In October 2013, Farol released his debut self-titled Philippine album, and participated in his first musical tour of the country. His first single off the album, "I Believe in Love Again" charted and peaked at #16 on Myx.
On October 27, 2013, Farol made his Philippine television debut on ASAP 19 where he performed with Sarah Geronimo, singing Me and Mrs Jones. Following his duet with Geronimo, Farol became Sarah's opening act during her Perfect 10 Concert Tour. Farol then recorded the theme song for the Viva Film, "When The Love Is Gone". In the U.S., Farol collaborated with writers of Perfect Storm Music Group and released his first U.S. single and music video, "Contagious" in February 2014.

In 2014, Farol signed with ABS-CBN to join the television show ASAP. In June 2014, Farol performed alongside Basil Valdez and Mark Bautista during the 2014 Miss Manila Coronation. Farol's music video for his second Philippine single, "Kung Ikaw At Ako" was released in August 2014, featuring the ABS-CBN, Pure Love teleserye star, Yam Concepcion.

In January 2015, Farol was announced as part of the line up for Fusion Music Festival, the first Philippine music festival. A few months later in March, Farol's music video for his newest single, "Kahapon" debuted on Myx and MTV Pinoy. "Kahapon later became part of the soundtrack for the film "Your Place Or Mine?"

In 2016, Farol began working on his first E.P entitled "Walkabout" for the U.S. Farol released four singles from the E.P called "Decompress", "Dream", "Tonight", and "Bloom".

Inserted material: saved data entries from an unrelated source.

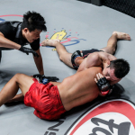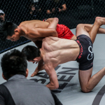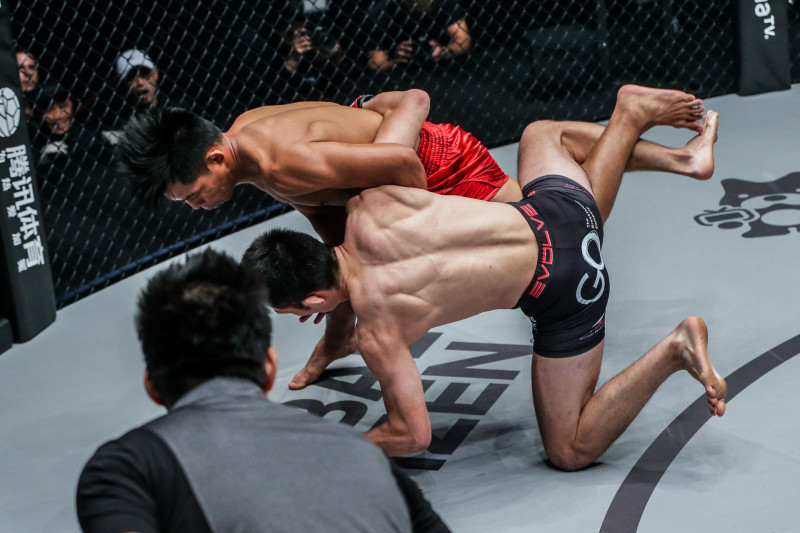 電光石火のタックルで右手をバナリオの脇に刺した青木はそのままフィニッシュにつながるテイクダウン
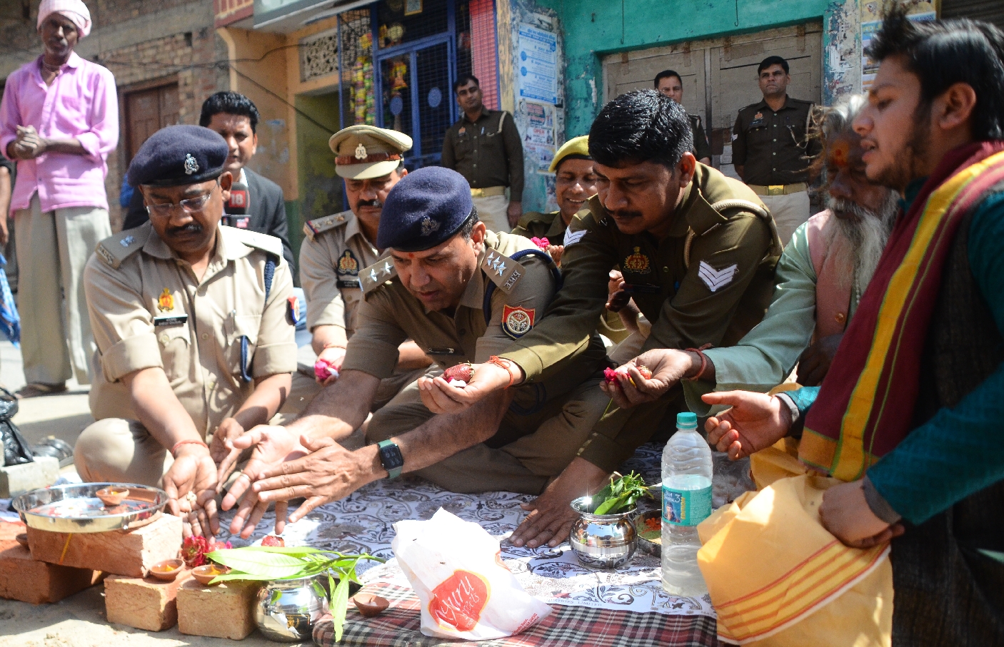 संभल के दीपा सराय चौक में पुलिस चौकी निर्माण के लिए भूमि पूजन करते एएसपी, सीओ, इंस्पेक्टर व अन्य पुलिस कर्मी। जागरण
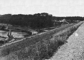 ![]() | ![]() | 昭和12年6月 既に完成した本堤防西側の天端から池の下流を撮影しています。 田には水が張られ田植えも終わっています。 これらの田は今はすべてなくなりグランドなどになっていますが、その奥の森は堺市の公園緑地になっているため、高圧線の鉄塔が建った以外はあまり景色は変わりません。 |
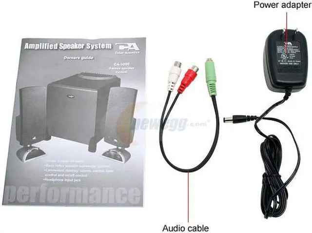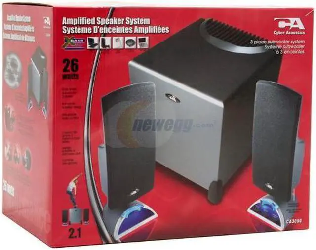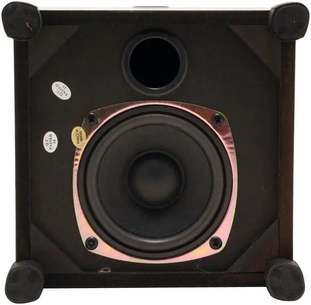 | Features | Convenient desktop controls: On/off switch Master volume Bass volume Illuminated power on indicator on satellites Magnetically shielded satellite speakers Acoustic balanced wood cabinet subwoofer Bass reflex, ported enclosure on subwoofer Headphone output jack Video game adapter cable included |
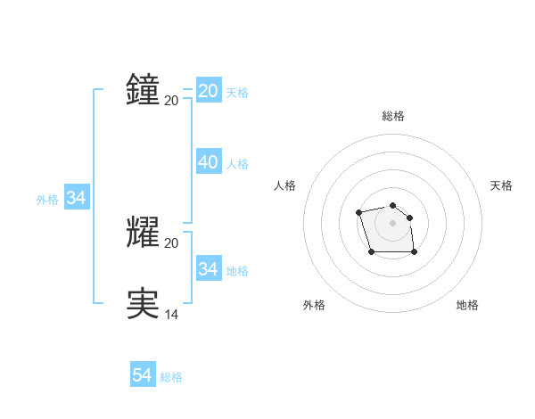 鐘 耀実さんの天格は20画の1点!
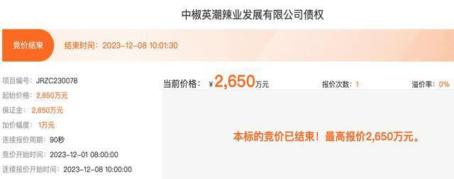 变化出现在几天后的2023年12月1日。当天,中椒英潮相关债权在山东产权交易信息中心挂牌,转让底价为2650万元。
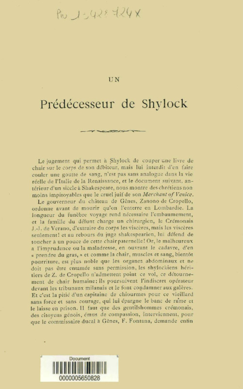 Un prédécesseur de Shylock : Document milanais
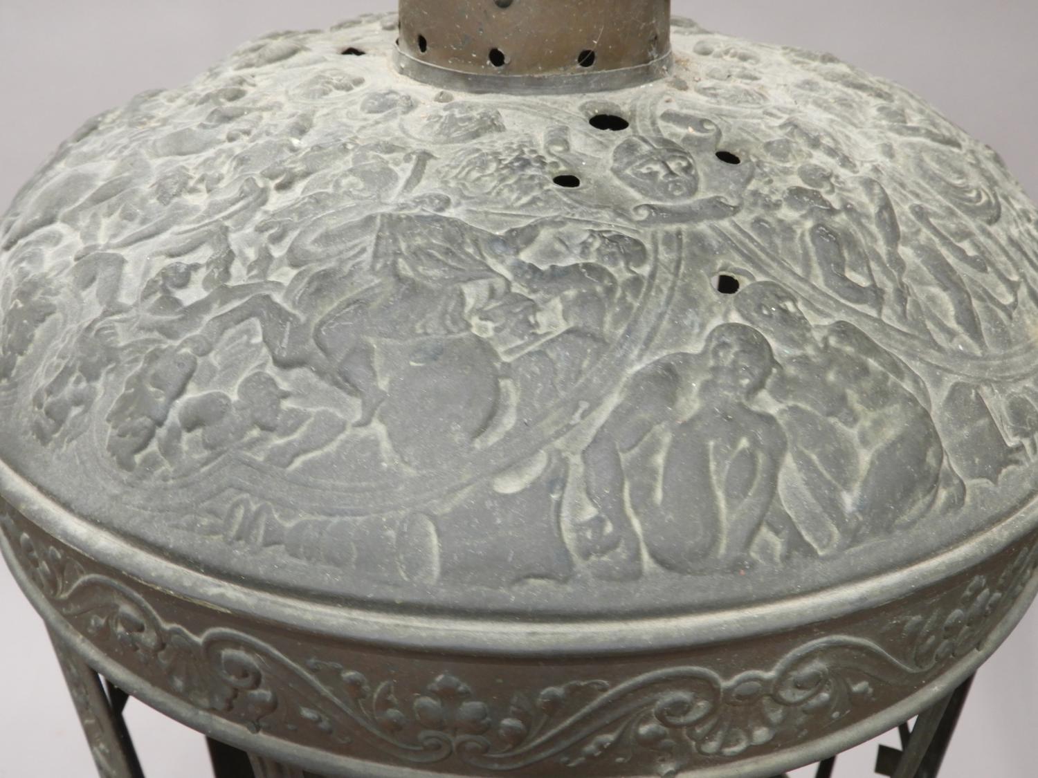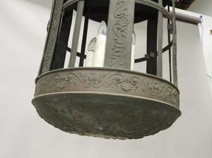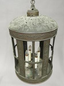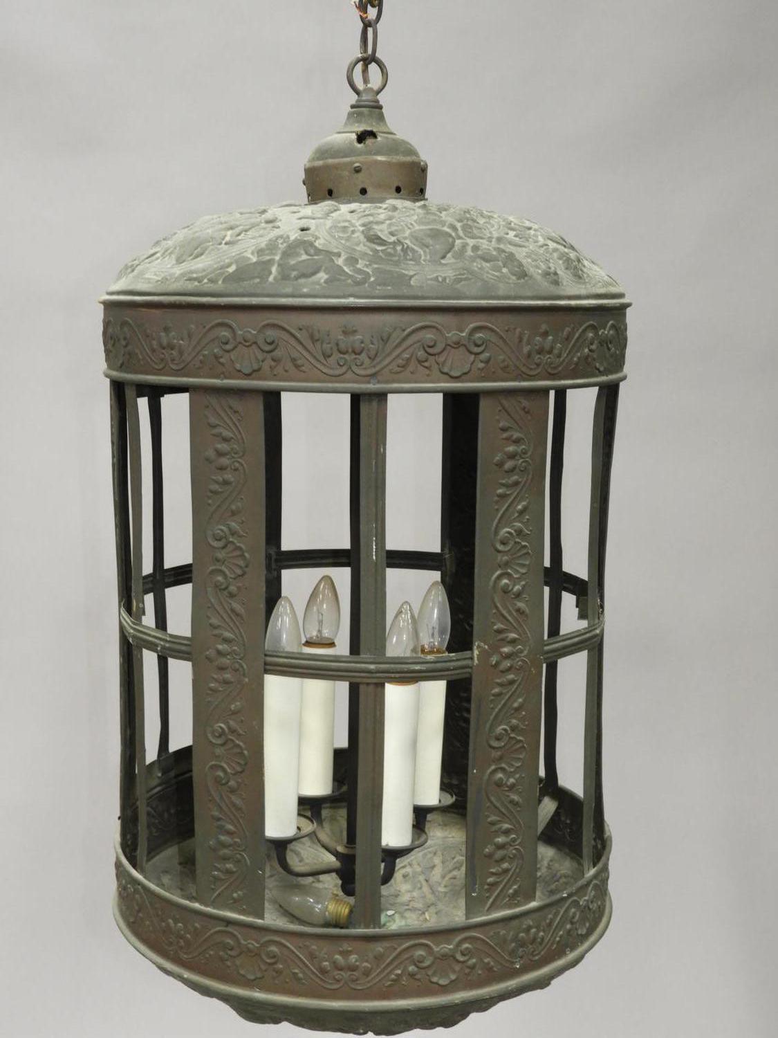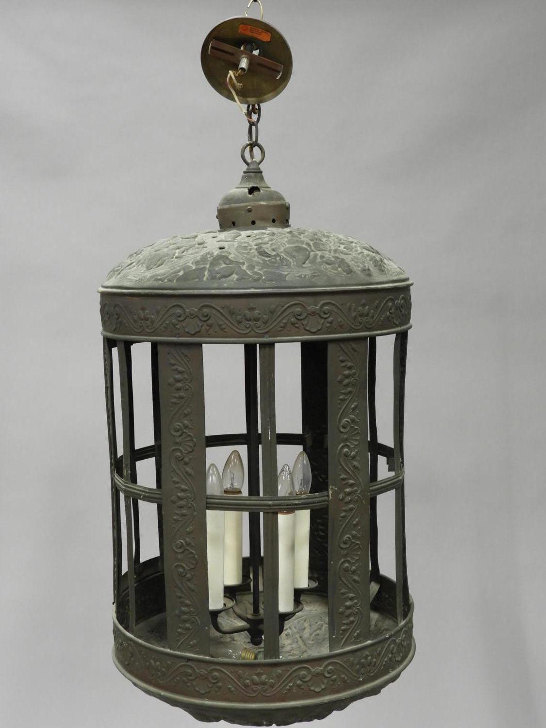 large pressed metal lantern form hanging light fixture, 40" x 19"
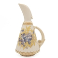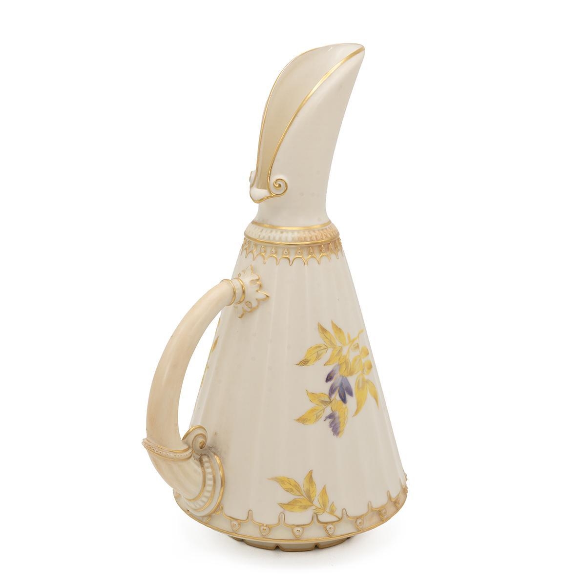 Royal Worcester early 20th century blush ivory ewer hand painted with wisteria and parcel gilt, unsigned in the manner of Raby. Good Royal Worcester marks to base including model number 1361 and registered design number 119478 (listed 1889). Height 25.5cm.
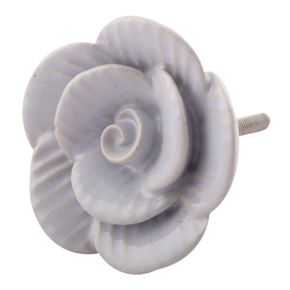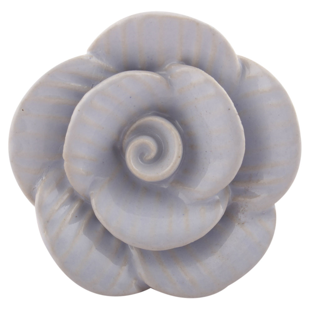 Light Blue Medium Rose Flower Ceramic Dresser Knob
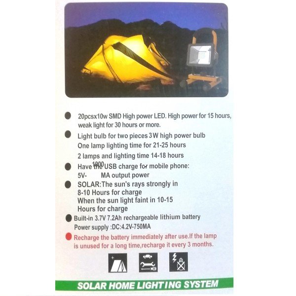 Sistemul cu incarcare solara pentru alimentare si iluminare este solutia ideala pentru situatiile in care nu dispuneti de energie electrica. Fie ca sunteti intr-o zona izolata, in camping sau in timpul unei pene de curent, kit-ul solar va ofera toate facilitatile de care aveti nevoie: iluminat portabil prin intermediul Proiectorului cu LED puternic de 10 W si a celor doua becuri cu LED-uri tip SMD.

Farol released two singles, "Dizzy" and "Hooked" in 2019. Following the release, Farol collaborated with EDM producer, A-Leo. Together they released the track, "Don't Wanna Get Up" through Flamingo Recordings.

In 2026, Jason Farol recorded and performed a promotional jingle for the brand Warmies. In March 2026, Jason appeared on NBC’s twenty-ninth season of The Voice , entitled Battle of The Champions, a landmark season featuring an all-star panel of past championship-winning coaches. Although no coaches turned their chairs during his blind audition, Farol reunited with former collaborators Kelly Clarkson and John Legend, both of whom he had previously worked with on Duets. On May 1, 2026, Farol independently released the single "Heatwave".